■ **What the task asks**:
Verbatim copy, pictures excluded: every line from the one with "Anklesvar (17 km)" through the final line of the data below, and no other line.

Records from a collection
= = = = =

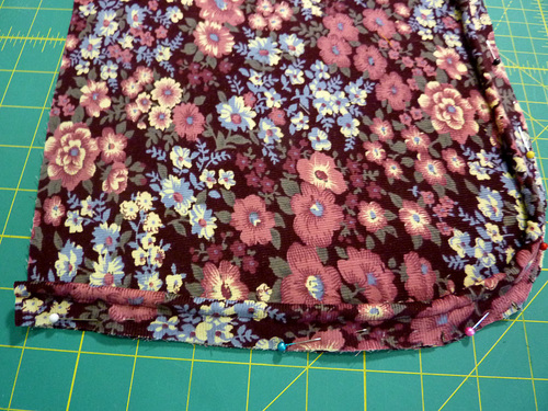 - The folded edge should cover the original seam line. Pin or clip in place.
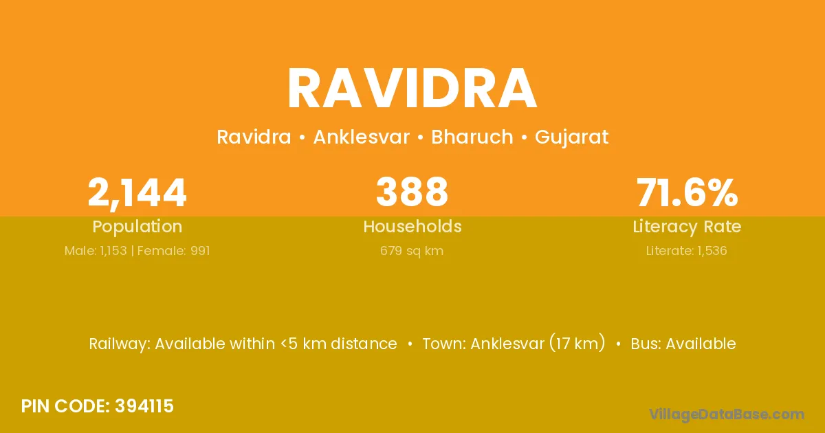 Anklesvar (17 km) is the nearest town to Ravidra village for major economic activities and is located approximately 17 km away.
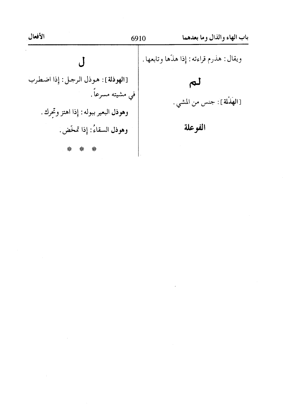 [الهوذلة]: هوذل الرجل: إِذا اضطرب في مشيته مسرعاً.
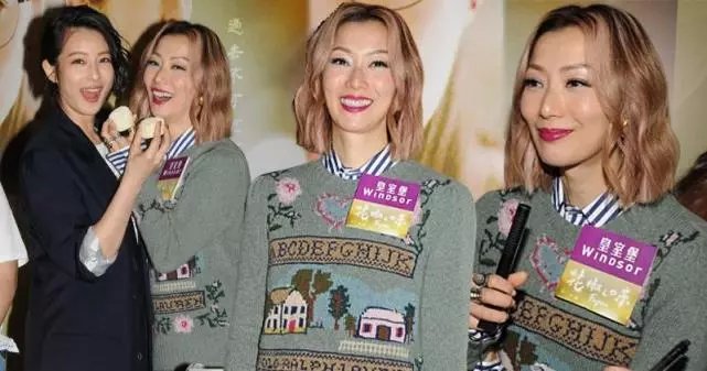 郑秀文染了一头金发,坐在甘比旁边,对比甘比跟钟楚红,她显得非常瘦。
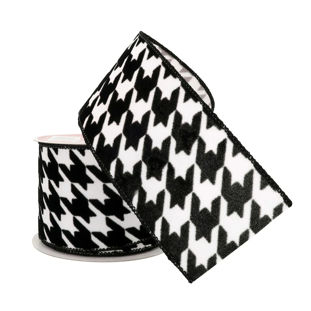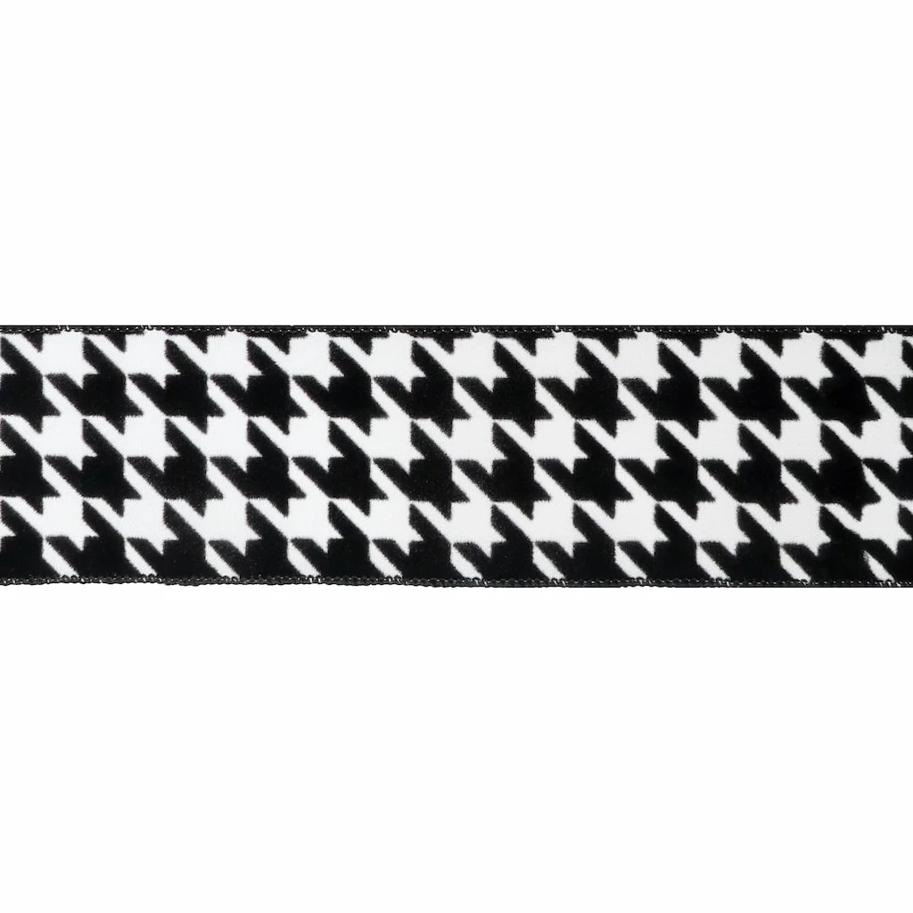 Give your Christmas gifts and crafts a bit of cheer with this wired taffeta ribbon from Celebrate It. With a festive black and white houndstooth pattern, use to embellish ornaments, pair with lights and greenery for charming garlands and wreaths, put the finishing touch on presents and more!

= = = = =

■ **Task response**:
 Anklesvar (17 km) is the nearest town to Ravidra village for major economic activities and is located approximately 17 km away.
 [الهوذلة]: هوذل الرجل: إِذا اضطرب في مشيته مسرعاً.
 郑秀文染了一头金发,坐在甘比旁边,对比甘比跟钟楚红,她显得非常瘦。
 Give your Christmas gifts and crafts a bit of cheer with this wired taffeta ribbon from Celebrate It. With a festive black and white houndstooth pattern, use to embellish ornaments, pair with lights and greenery for charming garlands and wreaths, put the finishing touch on presents and more!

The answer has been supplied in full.